* Data section *

****************

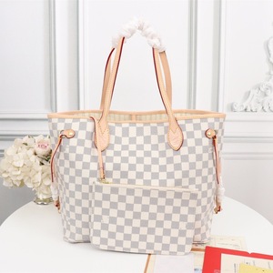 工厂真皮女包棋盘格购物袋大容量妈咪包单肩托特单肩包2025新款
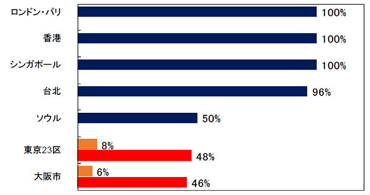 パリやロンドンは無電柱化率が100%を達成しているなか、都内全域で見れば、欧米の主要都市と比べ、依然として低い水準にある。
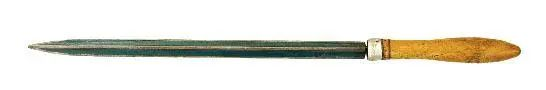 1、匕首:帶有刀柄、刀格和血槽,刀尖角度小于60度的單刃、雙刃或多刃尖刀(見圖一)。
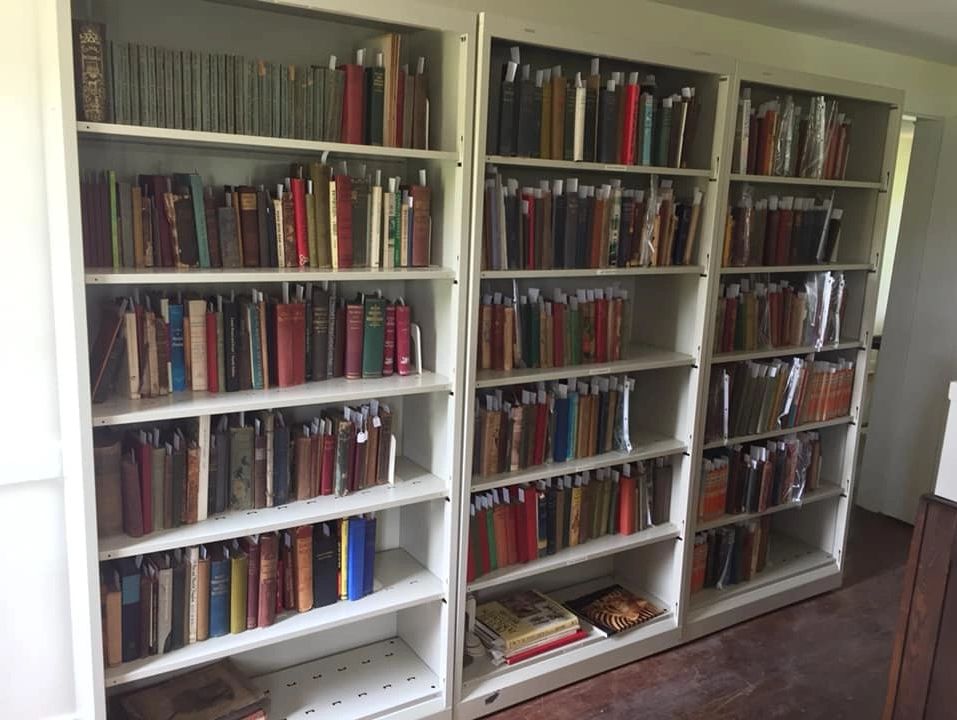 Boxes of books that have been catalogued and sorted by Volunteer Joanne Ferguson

****************

* Your assignment *
An exact copy of the material above is required, free of any pictures.

* Reply *
 工厂真皮女包棋盘格购物袋大容量妈咪包单肩托特单肩包2025新款
 パリやロンドンは無電柱化率が100%を達成しているなか、都内全域で見れば、欧米の主要都市と比べ、依然として低い水準にある。
 1、匕首:帶有刀柄、刀格和血槽,刀尖角度小于60度的單刃、雙刃或多刃尖刀(見圖一)。
 Boxes of books that have been catalogued and sorted by Volunteer Joanne Ferguson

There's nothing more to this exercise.